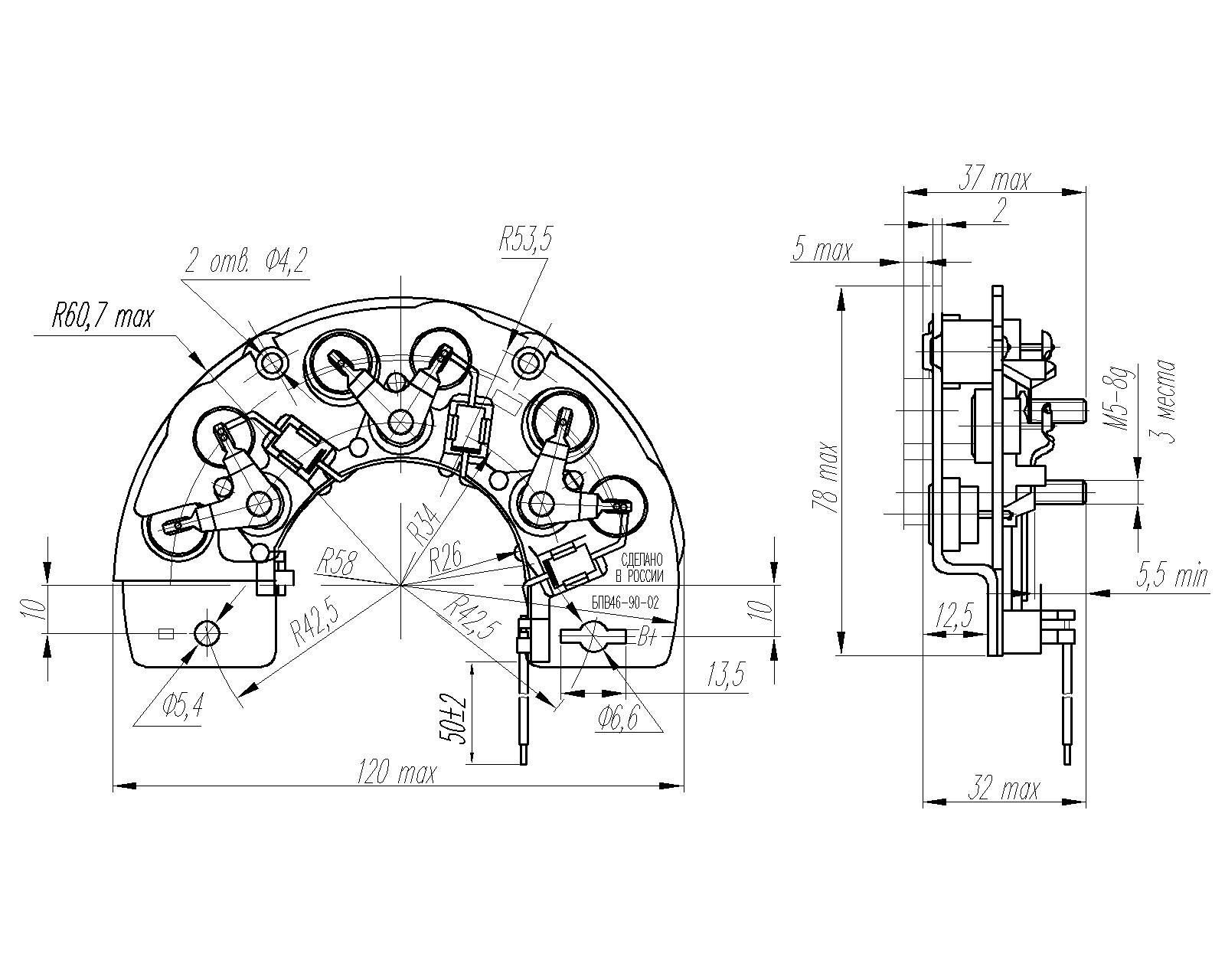 Диодный мост для ЗИЛ ген.2022.3701 / 28В 90А Орбита
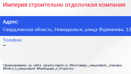 Империя, строительно-отделочкая компания по адресу Свердловская область, Новоуральск, улица Фурманова, 12 в дальнейшем Организация, размещена в следующих категориях:
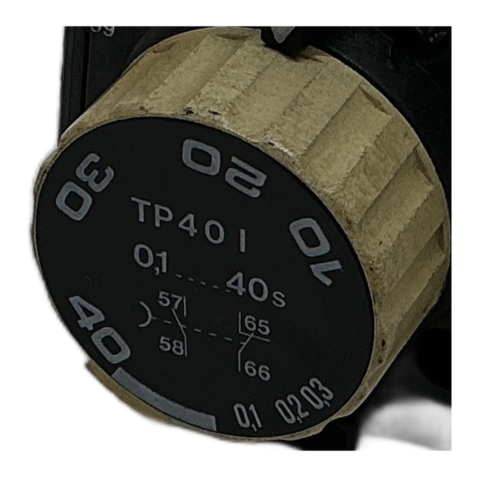 ABB TP401 Electronic ON-Delay Timer Relay Description The ABB TP401 is an electronic timer designed for direct front-mounting on ABB A-line and B-line contactors. It provides a reliable ON-delay function with a time setting range from 1 to 40 seconds, adjustable via the top-mounted dial. This compact unit is ideal for applications requiring staggered motor starting or other timed control sequences. Specifications Manufacturer: ABB Model: TP401 Function: ON-Delay Timer Time Range: 1 – 40 seconds Mounting: Direct front mount on contactor Compatibility: ABB A-line and B-line contactors Application This timer is commonly used in motor control centers (MCCs), industrial automation panels, and machinery control systems for tasks such as star-delta starting, sequential process control, and load timing. Country of Origin This product is typically manufactured in Sweden. CO2 Impact Opting for this refurbished ABB TP401 timer instead of a new one prevents the emission of approximately 2.8 kg of CO2. This saving is comparable to the emissions from driving a standard passenger car for 14 kilometers. Availability This item is a discontinued but available surplus part. Limited stock. Order now from profideals for expert support and fast delivery. FAQ What contactor series is this timer compatible with?The TP401 is primarily designed for the ABB A-line contactor series (e.g., A9 to A300) and certain older B-line contactors. It is not compatible with modern AF-series contactors. What does ‘ON-delay’ function mean?An ON-delay timer, also known as delay on make, initiates its timing cycle when control voltage is applied. The output contacts change state only after the preset time has elapsed and remain in that state until the control voltage is removed. What are the supported control voltages for this timer?The TP series timers are known for their wide-range voltage inputs. While you must always verify the specific label on your unit, they typically support multiple AC/DC voltages such as 24V, 48V, 110-127V, and 220-240V. Friday, March 13, 2026 profideals is not an authorized distributor, reseller or representative of the products featured on this website. All product names, trademarks, brands and logos used on this site are the property of their respective owners. The depiction, description or sale of products featuring these names, trademarks, brands and logos is for identification purposes only and is not intended to indicate any affiliation with or authorization by any rights holder.
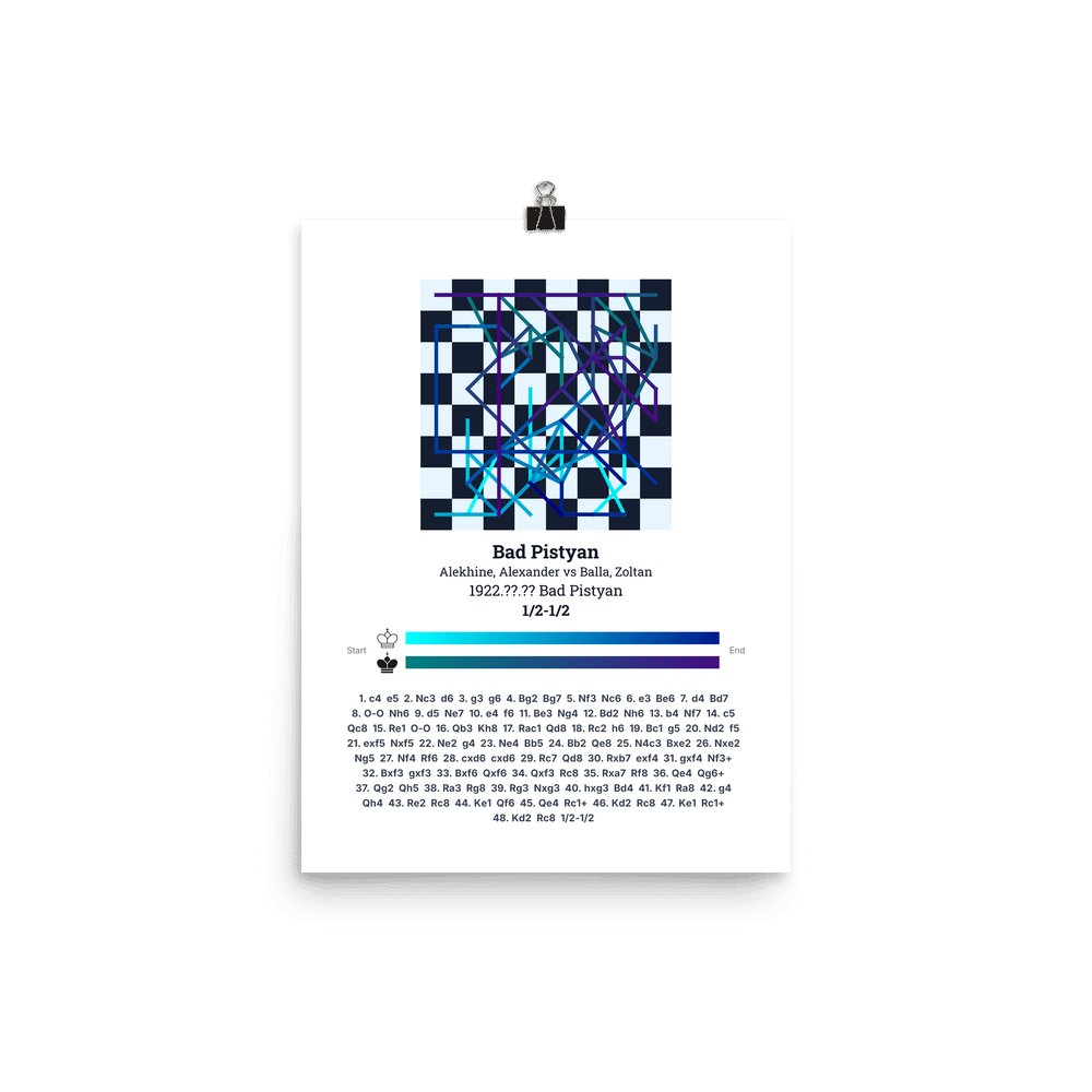 Museum-quality poster on thick, durable matte paper. A sharp, clean look for any chess visualisation.

────────

How to complete this task:
Your response must consist of the lines from the beginning of the data through the line containing "Империя, строительно-отделочкая компания", transcribed exactly, with no pictures.

Answer area:
 Диодный мост для ЗИЛ ген.2022.3701 / 28В 90А Орбита
 Империя, строительно-отделочкая компания по адресу Свердловская область, Новоуральск, улица Фурманова, 12 в дальнейшем Организация, размещена в следующих категориях:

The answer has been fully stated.